The judge in Trump’s New York state case issued a similar order.

Christie said on “This Week” that “you get subject to certain restrictions, and the reason you’re subject to those restrictions is because a grand jury has found there’s probable cause that you’ve committed criminal acts.”

Challenging the view of the federal judge in Washington — who said “the existence of a political campaign will not have any bearing on my decision” — Christie said that “I think it is impossible to not have politics inform some of this case. It’s not a normal criminal case, and so politics is going to inform some of it.”

Trump is slated to go on trial next year at the same time that he will also be on the campaign trial in the thick of the Republican primary — meaning GOP voters can render their own judgment, Christie said.

“I think all of these things are things people are going to have to process for the very first time in a presidential race,” he said. “And what I think Republican voters have to ask themselves is two things: First is, is he really the guy under indictment in four different cases, given the conduct that he committed, someone who can beat Joe Biden or any other Democrat in November 2024? And when are we going to stop pretending that this is normal?”

Christie previously ran for president in 2016 and launched a second presidential bid in early June. He hasn’t hesitated to denounce the former president, including at nearly every one of his campaign events thus far.

Trump, for his part, has dismissed Christie as a “failed” candidate and governor and early polls so far show Christie badly trailing Trump and other hopefuls.

On “This Week,” Karl cited a widely circulated video from a debate during the 2016 campaign when Christie hammered opponent Marco Rubio.

“Looking back at all that has happened since then, do you ever wish that you had taken that swing at Donald Trump and not at Marco Rubio?” Karl asked.

Christie responded, “I wish I’d taken swings of both of them, Jon, looking back on it.”

“We all made a mistake in 2016: Myself, Marco, Jeb Bush, John Kasich, in not going after Donald Trump,” Christie continued, referring to other 2016 Republican candidates — each of whom at different times were seen as more legitimate than Trump, the eventual winner.

“I think we were under the illusion that somehow what was obvious to us at the moment, that there were some better candidates on stage than him, would be obvious to the public,” Christie said. “It wasn’t. And I think it should inform everybody’s approach to the race this time. Certainly, it’s informing mine.”

The first 2024 Republican primary debate will be held on Aug. 23, in Milwaukee. To make it on the stage, candidates have to sign a loyalty pledge with the Republican National Committee that promises to eventually back whomever wins the nomination.
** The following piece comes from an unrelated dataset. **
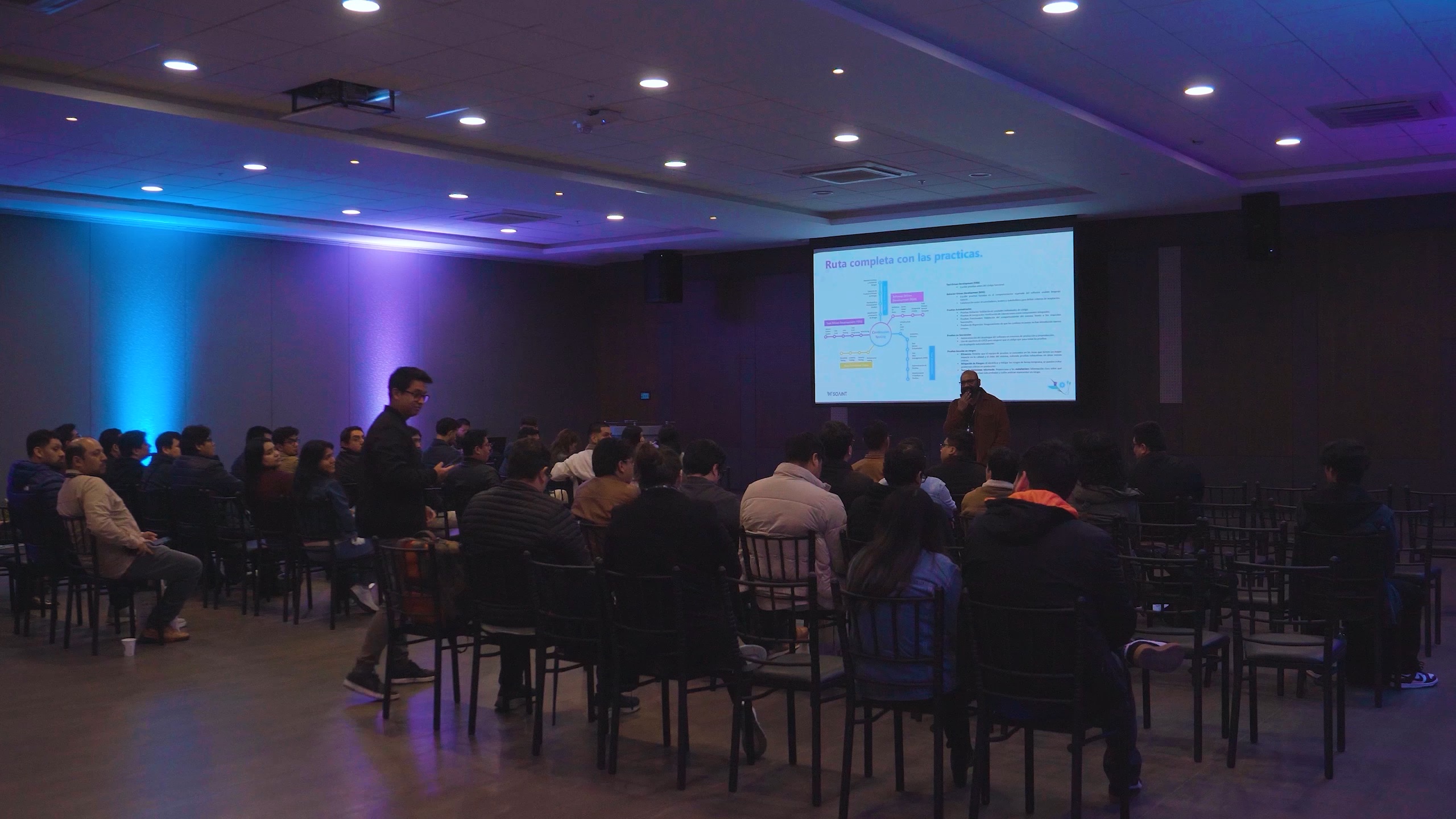 Los salones del Centro de Convenciones de Esan acogieron las distintas charlas y sesiones programadas, permitiendo el desarrollo de ponencias sobre innovación, automatización, colaboración y buenas prácticas DevOps. La infraestructura del centro facilitó un entorno óptimo para la interacción entre speakers y asistentes.

Both Christie and Trump have criticized the loyalty pledge. Trump said last week that he wouldn’t sign it: “I can name three or four people that I wouldn’t support for president. So right there, there’s a problem.”
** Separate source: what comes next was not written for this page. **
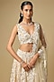 Featuring an ivory lehenga in tulle base with hand and machine embroidery. It is paired with a blouse and a dupatta. Accentuate it with delicate diamond jewellery, a shimmering clutch and elegant heels for a stylish ensemble, ideal for engagement ceremonies, reception nights or glamorous evening celebrations.

He has also suggested he sees no point in attending the first debate, given his polling lead.

“I think that they [the RNC] are serious about wanting this pledge signed, and I do think they would keep Donald Trump off the stage if he chose not to sign the pledge,” Christie said on “This Week.”

Still, “I think this is all kind of nonsensical theater,” he said. “I’ve made that clear to the RNC as well, way back, even before I entered the race, that I thought the pledge was a bad idea, and Donald Trump is now playing that game. But that’s what he does.”

Christie himself has yet to sign the pledge and said Sunday that debate organizers haven’t presented it to him as they are still verifying eligibility for candidates to take the stage.

He has said he will reluctantly sign it and on “This Week” predicted that Trump, despite his protestations, might as well.

“I would not be the least bit surprised if sometime around Sunday or Monday of next week that he signs the pledge, and he shows up on the stage on Wednesday,” Christie said. “He might not also, but I would not be the least bit surprised if he did. This is about Donald Trump keeping the attention on Donald Trump.”